I didn't swallow any, and managed to spit it all out, probably just in time to avert tragedy. I've thrown up once in the last fifteen years, but I came reeeeeal close that time.

As for food that's ostensibly 'edible,' I was at the sushi bar and decided to try salmon roe for the first. I managed to choke down one bite; otherwise it was a waste of four dollars. It tasted, for lack of a kinder description, like a dead, rotted fish **** putrefying in its own slime.

This IS NOT an invitation to tell me how much you enjoy it, or that it's an 'acquired taste' and that I just don't 'appreciate' it. If you ate your own feces for a few months, you'd probably get used to that, too.

Same goes for this sort of... Hell, let me tell the whole story. The whole night was something I'd ONLY admit to anonymously on the Internet.

So it's February of this year, and I've just gotten my tax return back, about $1000. I decided to call up my brother and take him out to eat, just to celebrate and spend some time with him; he's not too well off, so I thought it'd be nice to treat him to a nice meal at the sushi bar.

So we get there and it's closed. Apparently, they don't open on Sunday. I don't know why; seems like they could make a good deal of money on Sunday. It'll make even less sense in a second. So that's out. But right down the street is a fairly new Thai restaurant, a bit upper-scale, and we get the idea to go there instead. I guess we both still had 'sushi' on the brain rather than just trying to find a good restaurant, because I'd been there once before and had sworn NEVER to go back. I learned not to second-guess myself.

So, we get there and the place is packed to bursting. Luckily, they had one table just open up and we get in. We're kind of wondering about how busy the place is, then it hits us: It's St. Valentine's Day. And as we're sitting down to a candlelit table, the awful realization hits us: Everyone there thinks we're a gay couple.

We don't know whether to laugh or cry. Everything we say to the waitress or to each other seems to take on an unintentionally homoerotic subtext. We feel really self-conscious, and we realize we've pretty much been pwnt by fate at this point, but we're hungry so we look through the menu. Now, I warn my brother that the sushi here is awful and is pretty much just offered to make them look hipper than they are. But he decides to get some anyway, you know, since I'm paying, and we eventually decide on something.

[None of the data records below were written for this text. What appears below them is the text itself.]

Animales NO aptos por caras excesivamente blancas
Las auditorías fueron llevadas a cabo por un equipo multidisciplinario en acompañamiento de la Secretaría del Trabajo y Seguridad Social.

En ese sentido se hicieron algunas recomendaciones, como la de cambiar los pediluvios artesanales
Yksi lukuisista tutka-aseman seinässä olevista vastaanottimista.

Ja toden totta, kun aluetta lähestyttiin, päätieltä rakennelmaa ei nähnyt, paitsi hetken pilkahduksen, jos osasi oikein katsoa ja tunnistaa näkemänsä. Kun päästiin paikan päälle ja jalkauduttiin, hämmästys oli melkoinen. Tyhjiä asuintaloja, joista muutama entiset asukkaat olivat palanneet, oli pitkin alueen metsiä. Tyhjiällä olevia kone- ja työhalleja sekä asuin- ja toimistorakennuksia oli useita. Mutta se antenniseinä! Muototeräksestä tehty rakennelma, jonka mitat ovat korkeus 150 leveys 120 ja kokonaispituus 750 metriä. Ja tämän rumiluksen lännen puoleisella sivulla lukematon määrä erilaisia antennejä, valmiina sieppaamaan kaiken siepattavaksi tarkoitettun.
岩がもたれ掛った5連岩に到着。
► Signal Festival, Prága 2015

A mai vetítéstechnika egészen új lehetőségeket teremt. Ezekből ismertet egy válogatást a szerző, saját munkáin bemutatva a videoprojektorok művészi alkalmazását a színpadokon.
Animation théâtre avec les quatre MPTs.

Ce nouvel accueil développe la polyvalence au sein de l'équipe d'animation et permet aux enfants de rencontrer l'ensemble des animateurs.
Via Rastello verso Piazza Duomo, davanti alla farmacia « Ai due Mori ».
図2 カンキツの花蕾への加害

This takes forever, because they have about the most poorly arranged menu I've ever seen, and half the stuff on it is not actually served there. It's like they cobbled together a few other Thai restaurant's menus, never edited it, and only served what they knew how to make. I settle on some sushi as an appetizer, and I get some sort of green curry lobster soup with miso soup course before it. I guess having a soup course before a soup entree was a bit of an odd choice, but it turned out to work in my favor. I don't remember what my brother got. I think it was some kind of seafood and noodle dish. I've slowly blocked out most of this night.

So we, the finicky gay brothers, finally get our food and it's all horrible. The sushi, as predicted, is like sushi you'd find in a gas station cooler, which is all the more embarrassing considering they had the benefit of making it fresh and it still tasted like how good sushi tastes when it's been in the fridge for three days. We eat the stuff off the top of it, which is, sadly, the best part of it, and ignore the rest of it. Brother's stuff is average at best, meaning it was the most edible of our meals. If it had been about eight dollars cheaper than it had been I wouldn't have considered it a total failure.

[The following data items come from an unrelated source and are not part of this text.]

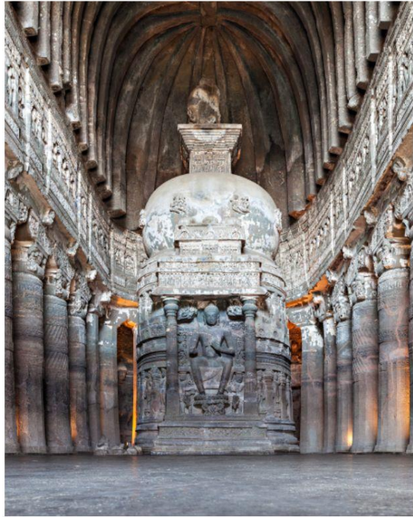
มรดกโลกทางวัฒนธรรมที่ยิ่งใหญ่ ของอินเดีย

ถ้ำเหล่านี้ถูกเจาะลึกเข้าไปใน ภูเขาเพื่อสร้างเป็นวัด มีวิหาร ขนาดใหญ่ ภายในเต็มไปด้วย งานแกะสลักหิน เป็นองค์ เจดีย์ เป็นพระพุทธรูป และ ภาพจิตรกรรมฝาผนังถ้ำ เล่า เรื่องราวต่างๆ ในพุทธประวัติ และชาดก และ ที่น่าแปลกใจ คือ ถ้ำเหล่านี้ ชุกซ่อนตัวอยู่ที่นี้มานานถึง กว่า ๑,๕๐๐ ปี
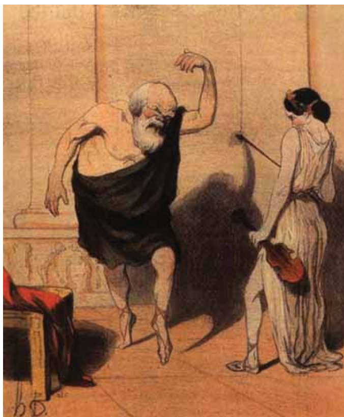
(090) Домье О. Сократ и Аспазия. XIX в.

Все люди стремятся к удовольствиям и их сложным комбинациям, складывающимся в пользу и счастье. Это – непосредственная истина, являющаяся основой человекознания. Она не требует доказательств, как не требует доказательств, например, констатация того, что рыбы живут в воде, а птицы летают. Сказать: люди стремятся к удовольствиям — это все равно что сказать: люди стремятся позитивно утвердить свое бытие. По сути дела, речь идет о том, что человек ведет себя как человек, что он тождественен самому себе. Сократ говорит: "Благо – не что иное, как удовольствие, и зло — не что иное, как страдание" (1, 244). Если учесть, что понятия блага и зла обозначают позитивные и негативные цели деятельности, то мы тем самым получаем строгий закон человеческого поведения, а вместе с ним и критерий его оценки: стремиться к удовольствиям и избегать страданий.
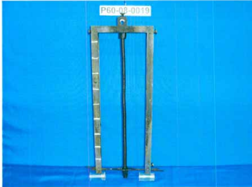
Probe vor der Prüfung
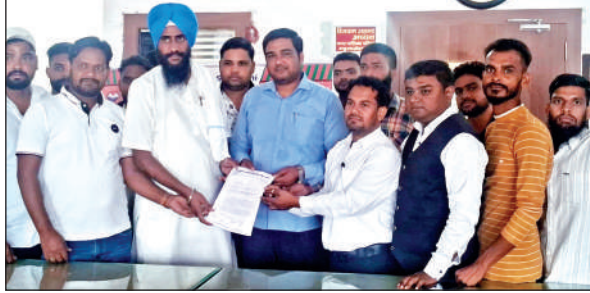
काशीपुर के महुआखेड़ागंज में पालिकाध्यक्ष को ज्ञापन सौंपते संघ के कार्यकर्ता।

अमृत विचार: जयहिंद अल्पसंख्यक सेवा संघ ने नगर पालिका महुआखेड़ागंज के अधिशासी अधिकारी के माध्यम से मुख्यमंत्री को ज्ञापन भेजकर औद्योगिक क्षेत्र महुआखेड़ागंज को उत्तराखंड रोडवेज के माध्यम से राज्य की राजधानी देहरादून व देश की राजधानी नई दिल्ली से जोड़ने की मांग की है।
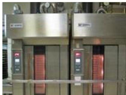
zařízení na výrobu potravin
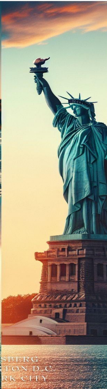
HARRISBERG WASHINGTON D.C. NEW YORK CITY
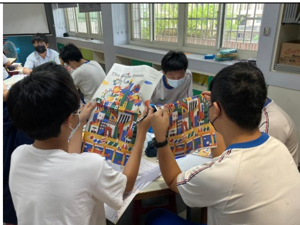
學生觀察報紙設計
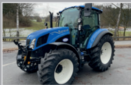
New Holland T 5.90 DC

Bj. 24, 19h, 3,6l Hubraum, Power Shuttle, Deluxe Kabine, Klima, Lift-o-matic, DL Bremse, DW Steuergeräte, VB 59.990,-
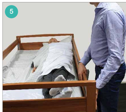
Leg het laken over de cliënt, doe het beddek omhoog en loop naar de andere kant van het bed.
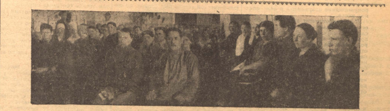
На окружной батрацко-бедняцкой конференции

Московским советом подписан договор с американской фирмой на постройку жилых домов в Москве. Договор поступил на рассмотрение Совнаркома. В ближайшее время уполномоченными Моссовета в Америке будут начаты переговоры на предоставление стройкредита.
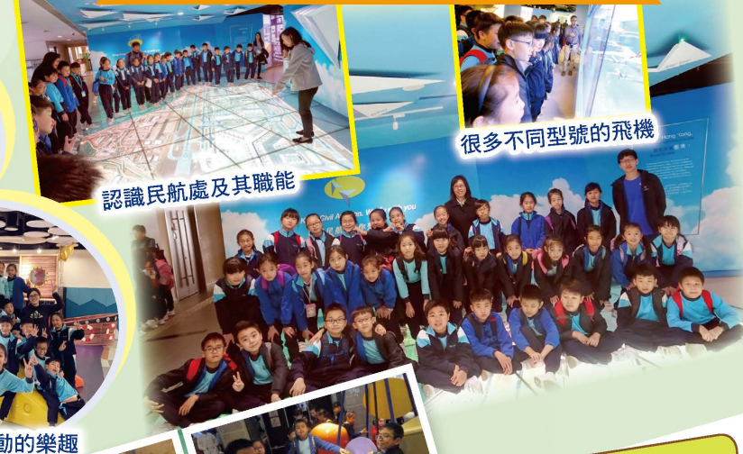
很多不同型號的飛機

But mine took the cake, though. They brought out everything at the same time, which is a pretty noticeable gaffe when you've obviously ordered your meal in courses: appetizer, soup/salad, and entree all come out at the same time. So by the time we got through however much of the sushi as we could stomach and a good bit of my miso soup, our entrees had cooled considerably.

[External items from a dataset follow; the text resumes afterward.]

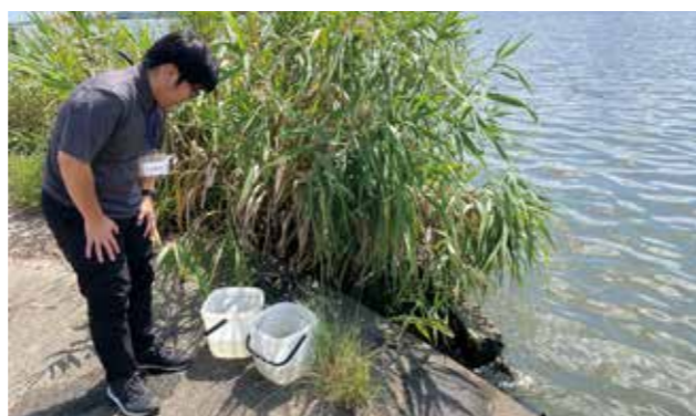
生態展示のためテナガビを捕獲する様子
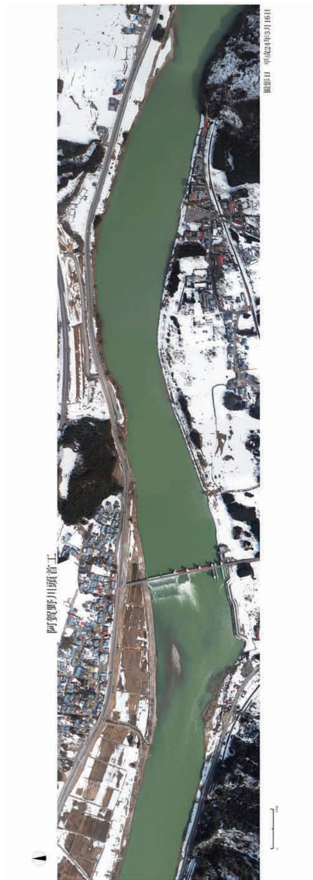
Fig.25 阿賀野川頭首工の堆砂除去目安範囲の全体を鉛直下向きで撮影した結果 Photograph of standard range for removing sediment of the Aganogawa headworks in vertical direction
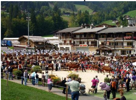
Foire de la Croix en septembre
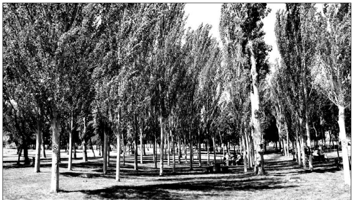
Vista de la arboleda del Parque Santillán.
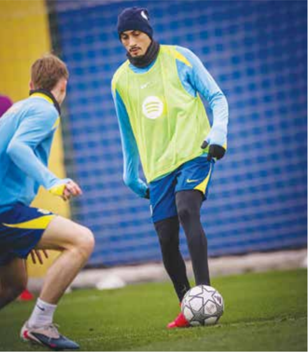
○ تدريبات برشلونة.
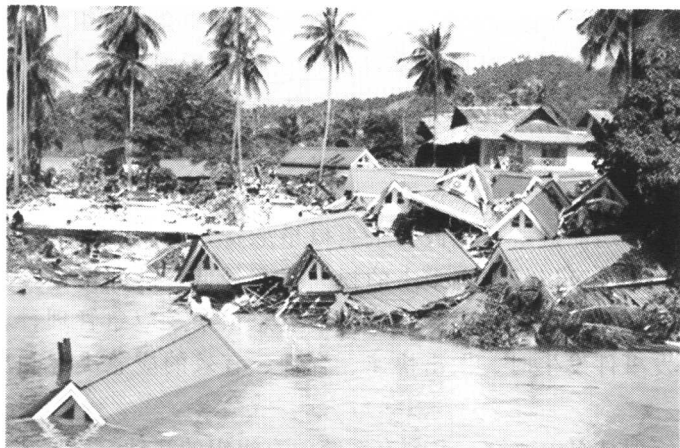
图 1-1 印度洋海啸后的情景

如 2004 年 12 月 26 日发生的印度洋地震海啸灾难，由于受灾国家对突发公共事件管理缺乏足够的认识，既未制定有关应急预案，进行必要的制度准备、技术准备和物资准备，也没有对各种人员进行海啸逃生的各种宣传和培训，当海啸发生时，没有任何预警信息和预警措施，结果造成巨大的死亡和损失。在这次地震海啸灾难中，共有 29.2 万多人死亡，数百万人无家可归。图 1-1 为印度洋海啸后的情景。

Like I said, my brother's was not bad, even if it was outrageously overpriced. But mine was just horrible. I thought I knew what I was getting, but that green curry slime was some of the most offensively distasteful stuff i have ever tasted. I choked down about three spoons full of the curry in an attempt to salvage something of a dish that cost me $23. I completely gave up on that, and started fishing out the lobster and eating it by itself. But to no avail; there was barely enough lobster in it to justify saying the dish contained it (and raising the price accordingly), and what little there was had been steeped in that green curry so long that the lobster's sweet, mild flavor was completely overwritten by the combined talents of coconut milk and vomit.

So I go back to eating my miso soup, which is actually not bad. But I can't, in good conscience, give the restaurant any credit for that; miso soup is about as simple a dish as you can get, and a joint that couldn't adequately prepare a dish with about four ingredients and no prep couldn't have been in business in the first place. Luckily, bro had been getting full and I was able to scavenge some of his seafood stuff, too.

Now, I was a picky eater for most of my childhood, so I figured maybe my biased palate was just screwing the pooch for me. But my brother is a chef, and a damn good one, familiar with the preparation and dining upon of a huge array of foods the world over, and had spent a good amount of time working for and with Asians and their food, so I decided to go defer to his judgment, just in some last ditch effort to force myself to like it and justify the price tag. So he takes one sip of it, closes his eyes, shakes his head, and makes a face like he'd been stabbed. Nope, it wasn't just me; I had just gotten a bizarre dish that probably isn't even well regarded in the culture that it comes from.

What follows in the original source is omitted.